Retryable Exceptions
There are many situations where retrying an action that threw an exception may result in a success. Examples include:
If such exceptions are simply allowed to fail the process, perhaps writing an event to the dead-letter topic, then the system is brittle, and much time and effort will be spent subsequently trying to replay, or retrospectively fix, events that have failed.
Retry Considerations
Retryable exceptions should not simply be caught and retried indefinitely. Instead there are a number of issues to consider when configuring consumer retry, including:
Retry Period Factors
Analysis is required to determine how long retryable exceptions should be retried. If the retry period is too short then this may not allow sufficient time for the problem to be rectified. For example, a third party service might go offline for several hours.
This needs to be weighed up against the consideration that an event being retried will block the topic partition, as events behind it will not be processed in order to preserve Kafka’s ordering guarantee.
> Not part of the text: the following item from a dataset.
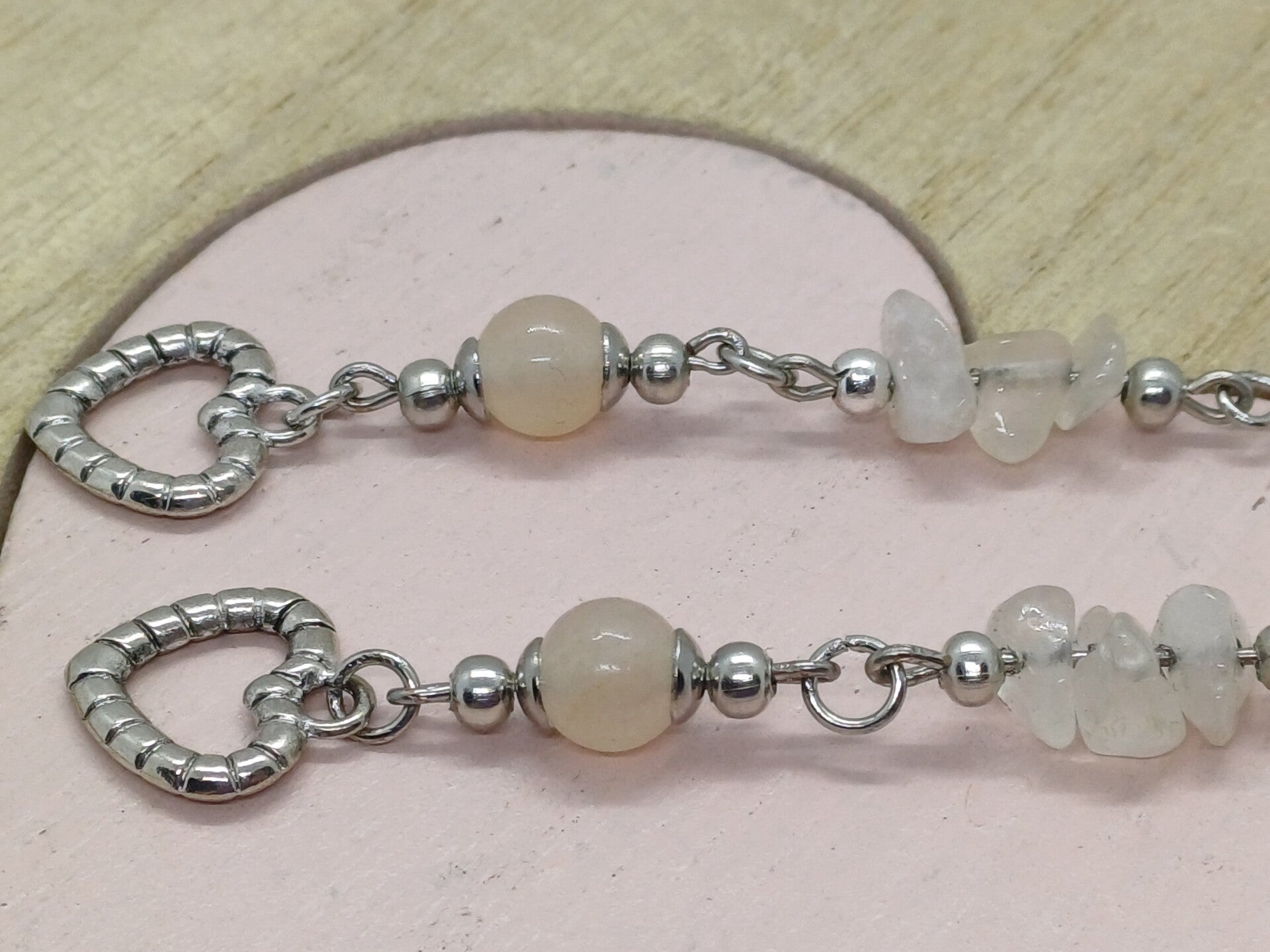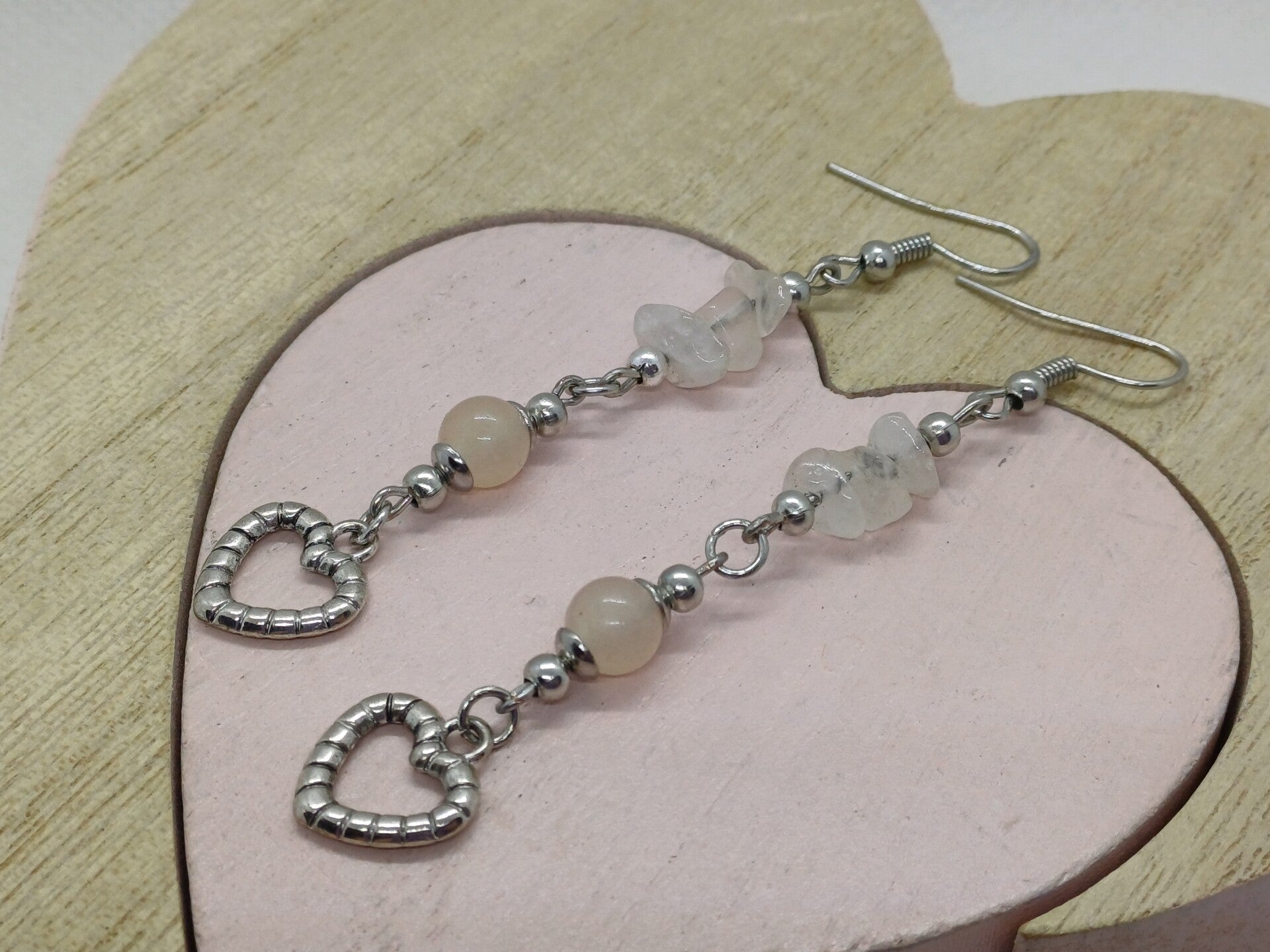 Moderne handgemaakte oorbellen met een rozenkwarts parel-6mm en ruwe rozenkwarts parels en een Tibetaans 925 zilver hartje-1x1 cm en afgewerkt met nikkelvrij materiaal.

It is highly likely though that failing the message early in order to unblock the topic partition will not help as the next event will most likely fail for the same reason.
One option would be to retry retryable exceptions forever, until they succeed. However not having some kind of retry limit risks a poison pill message scenario. If the error scenario was never rectified, such as the third party system never coming back online, then the message would never be successfully processed, nor failed, as it continually retries. The application is not able to progress, the topic partition is blocked, and left like this the message would likely be lost once it exceeded the Kafka topic retention period. A maximum retry period should almost always be in place.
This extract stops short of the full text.